Hebei University of Economics and Business () is a university located in Shijiazhuang, the capital of Hebei province, China. It currently has four campuses.

Beginnings 
Founded in 1953 as the Shijiazhuang School of Supply and Sales administrated by Hebei Supply and Sales Corporation, the university brought together Hebei Financial Institute, Hebei Institute of Economics and Trade and Hebei Business College.

Hebei University of Economics and Business (HUEB) was established in 1995 under approval by the State Education Commission and through combination of four former colleges. HUEB is a regular full-time institution of higher learning; one of the key universities in Hebei Province and it offers degree programs both at undergraduate and postgraduate levels. It is situated Hebei University of Economics and Business is a multi-subject and in Shijiazhuang, the capital of Hebei Province, within easy access of Beijing.

University 
Hebei University of Economics and Business is a multi-subject and Comprehensive university offering a wide range of courses in Economics, Administration, Laws, Literature, Engineering and Science, with emphasis on the study of Economics. HUEB is privileged to confer Master's and bachelor's degrees on qualified students. At present the university has 13 master's degree programs and 39 bachelor's degree programs. The students of the university come from 16 Provinces, cities and self-governing municipality.

Campus 
It has four campuses in a different part of the city, covering a total area of 2.3 million square meters and the total floor space of its building is 700 thousand square meters. The university has four libraries at different campuses.

The university has 20 facilities and schools. The student population is more than 18000. Besides the above daytime students, the College of Continuing Education of the university has more than 13000 part-time students. There are over 2100 teaching and administrative staff members, among whom there are over 500 professors or associate professors.

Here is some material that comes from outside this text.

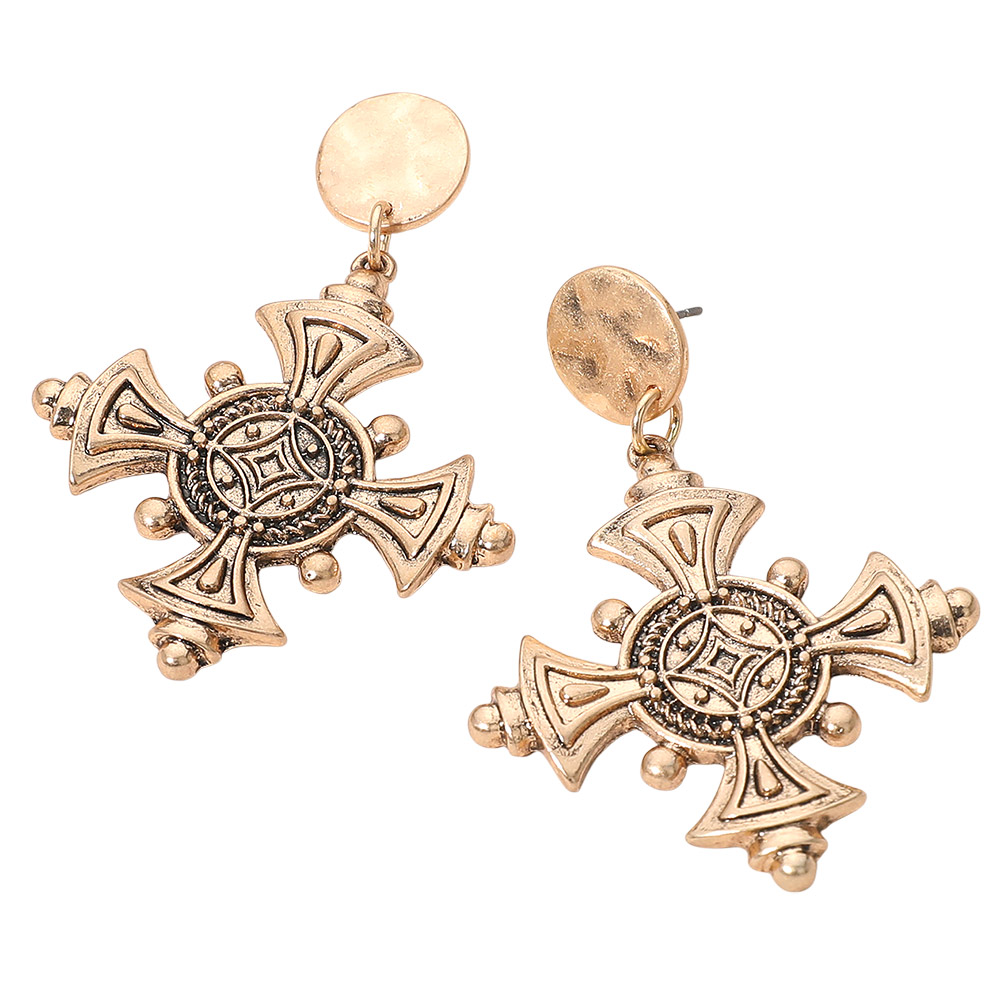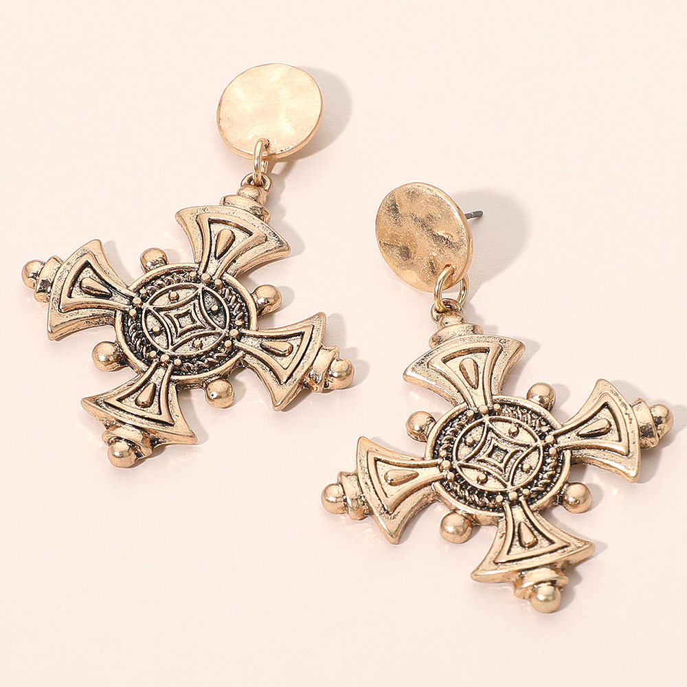 Details • Size : 1.6" X 2.4" • Post Back • Make a bold statement with these Antique Cross Drop Earrings. Designed with intricate engraved detailing and a striking symmetrical shape, these earrings channel vintage artistry and refined elegance—perfect for adding a touch of historical charm to any modern look. • Lead and Nickel Compliant

In recent years, the university has successively undertaken 200 research projects supported by the National "863" Program, the National Social Science Fund, the National Natural Science Fund, the Social Science Fund of the Ministry of Education, the Provincial Special Fund for Doctors and the Provincial Social Science Fund. It has published over 1000 books and teaching material and has more than 4000 articles published in publications both home and abroad, it has 17 inventions accredited to its name and won 105 prizes above provincial or ministry level. For recent years, the university has undertaken a large number of research projects from the state, provinces, municipalities and enterprises and has obtained a number of great and important achievements.

Courses 
The University is implementing a second-class administration; it has 15 undergraduate schools and 4 teaching departments. Meanwhile, it has postgraduate school, continuing education school and economic management school (independent school). The undergraduate education comprises 47 specialties, the subjects covers the economics, management law, art, science and engineering. The graduate school has 28 programs, among which 4 disciplines are the key ones, and 4 disciplines are the key constructive ones of Hebei Province.

The university recruits candidates from 22 provinces like Hebei, Tianjin, Liaoning, Shandong etc. 23000 undergraduates and 540 graduate candidates and continuing students are studying in the university.

They claim to "attach great importance to, and actively conduct, academic and cultural exchanges with overseas institutions." Such exchanges and collaborations are on the increase and cover more and more fields. They have so far established links with over 20 universities, academic institutions and cultural organizations in the U.S., UK, Russia, Korea, Canada, Japan, Switzerland, Belgium, Singapore and Malaysia and more. Hebei University of Economics and Business, a merger of the Trade and Finance Institute, the College of Trade and Economics and Hebei Commerce College, was founded in 1995. It is a key university with an emphasis in Hebei Province. It has a history of 50 years with 30 years of undergraduate education. In 2004, the result of the evaluation by the Ministry of Education was excellent.

Staff 
There are more than 2200 teaching and administrative staffs working in the university, among whom there are over 1105 full-time professional teachers. More than 55.5% of the teachers have already got a senior title of professional post. The university has 170 PhD tutors and PhD candidates, 545 postgraduates with a master's degree, accounting for 61% of the total number.

Geography 
The University is located in Shijiazhuang, the capital city of Hebei Province. It has four campuses: the north campus, the south campus, the east campus and the west campus, with the north campus as the headquarters, responsible for the education of undergraduates and postgraduates; the south and west campuses, the economic management school, as an independent second-class administration; the east campus, responsible for adult continuing education.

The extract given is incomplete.